Texans are at risk of getting Lyme disease from native sources, by migrating birds and animals, and from travelling to other endemic areas. Visitors to any undeveloped countryside are at considerable risk of being bitten by ticks that carry the Lyme disease bacteria.
Ticks can be caught in high grass, golf courses, school playgrounds, farms, ranches, and in private yards. Those who engage in outdoor activities may be exposed to Lyme and should take proper precautions.
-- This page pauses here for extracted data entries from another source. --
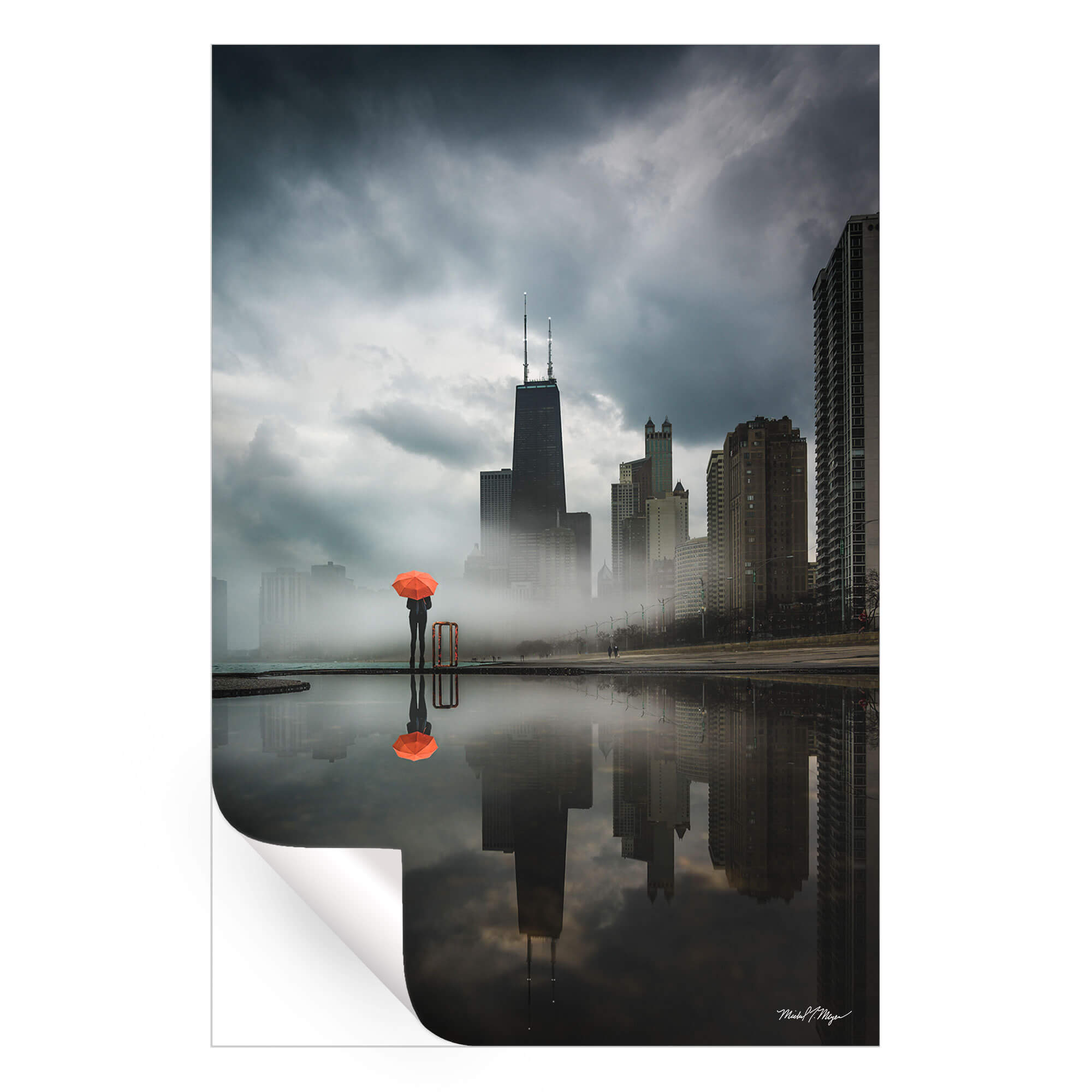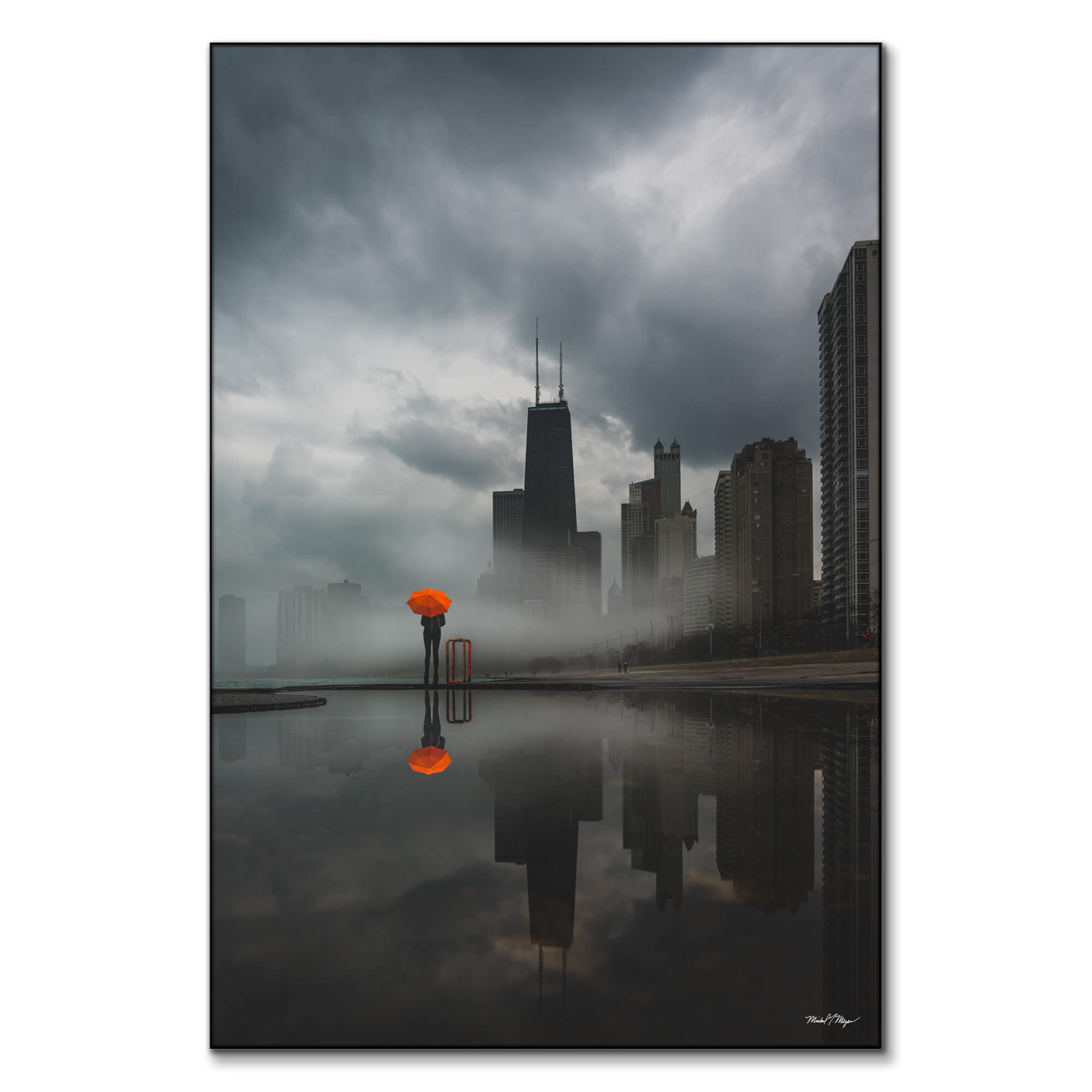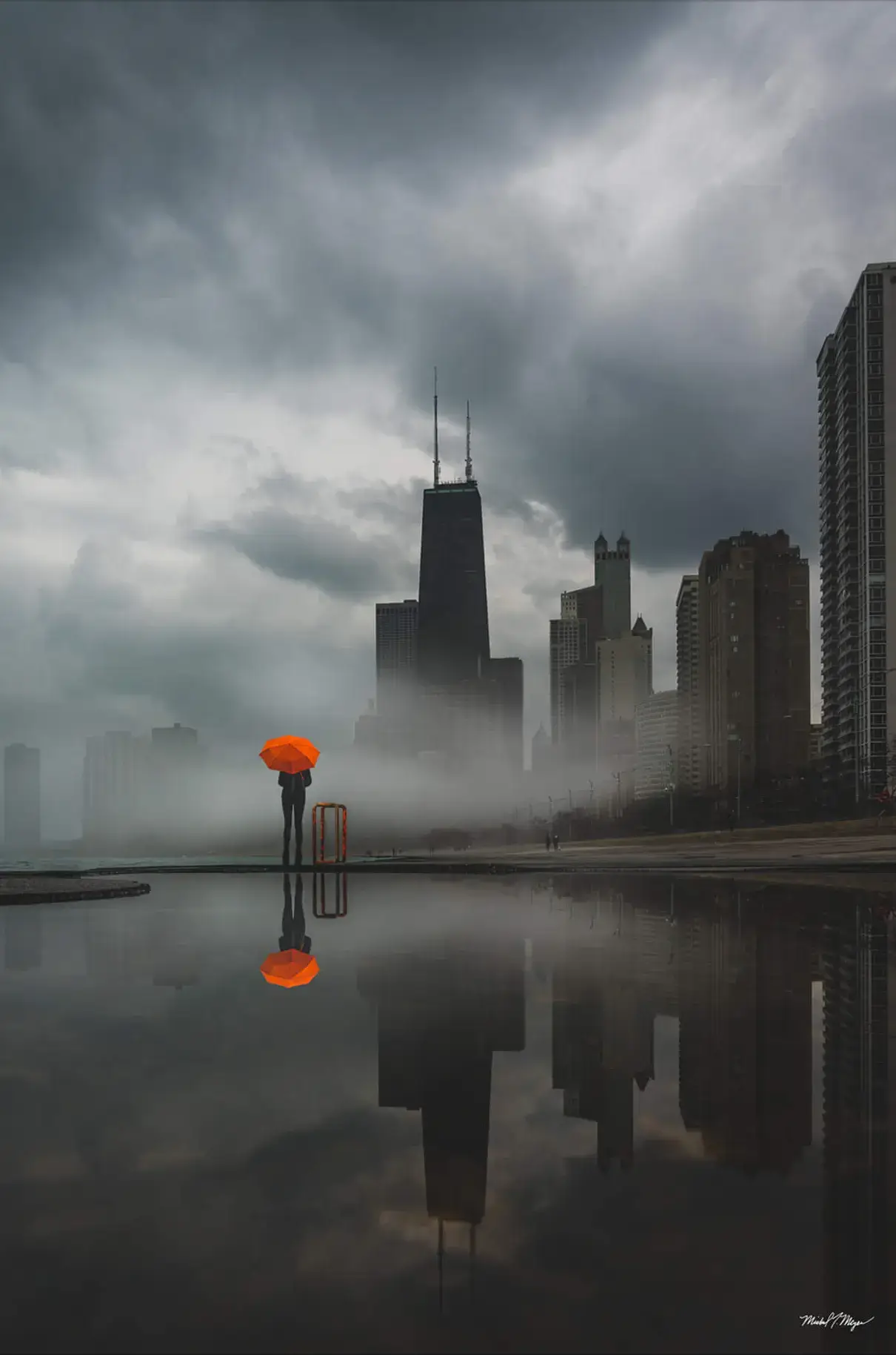 A solitary figure stands under a vibrant orange umbrella amidst a moody and misty Chicago backdrop. The city’s towering skyscrapers are half-veiled by the fog, lending an air of mystery to the scene.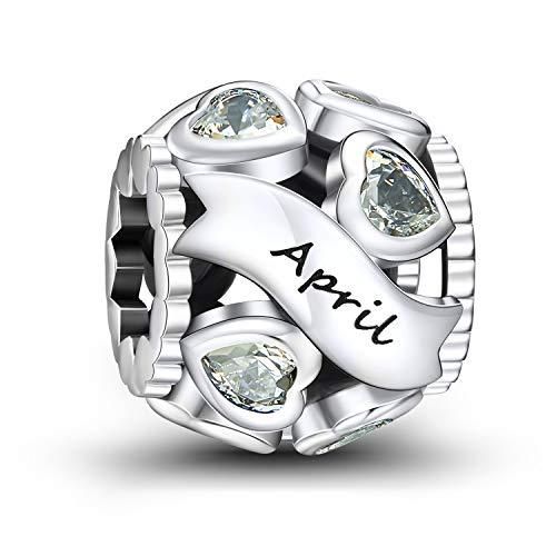 NINGAN 誕生石チャーム ブレスレット用 925スターリングシルバー 透かし細工ビーズチャーム ブレスレットやネックレスに 誕生日の贈り物に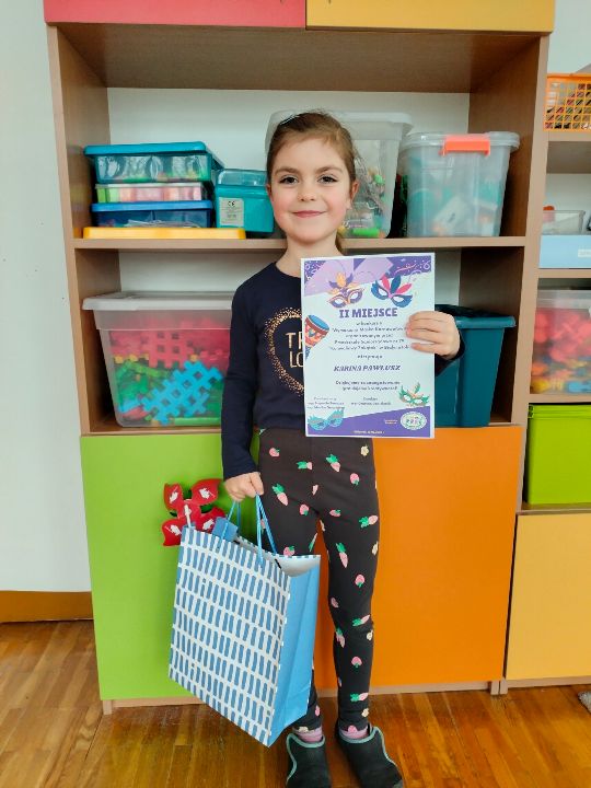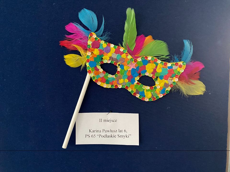 Z radością ogłaszamy, że Karina, wychowanka grupy VI, zajęła II miejsce w konkursie „Najpiękniejsza maska karnawałowa” zorganizowanym przez Przedszkole Samorządowe nr 79 "Konwaliowy Zakątek" w Białymstoku. Gratulujemy Karinie i życzymy dalszych sukcesów.

Pets can also bring ticks into the home, placing family members at risk.
There are six reportable tick-borne illnesses in Texas: babesiosis, ehrlichiosis (including anaplasmosis), Lyme disease, Rocky Mountain spottedfever, tularemia, and tick-borne relapsing fever. Additionally, a Lyme-like illness known as STARI (Southern Tick-Associated Rash Illness), transmitted by the Lone Star Tick, is reportable as Lyme disease.
Lyme disease in Texas and STARI
A rash similar to the rash of Lyme disease has been described in humans following bites of the lone star tick, Amblyomma americanum, a tick very common in Texas. This rash may be accompanied by fatigue, fever, headache, muscle and joint pains and has been named southern tick-associated rash illness (STARI). The cause of STARI is not known.
The rash and other symptoms of STARI usually are treated with an oral antibiotics, but it is unknown whether this medication speeds recovery. For someone living in Texas it’s crucial to be aware of any health change following a tick bite. If rash, fever, headache, joint or muscle pains, or swollen lymph nodes develop within 30 days of a tick bite, a doctor should be consulted, because those can be symptoms of tick-borne diseases like Lyme, STARI or other.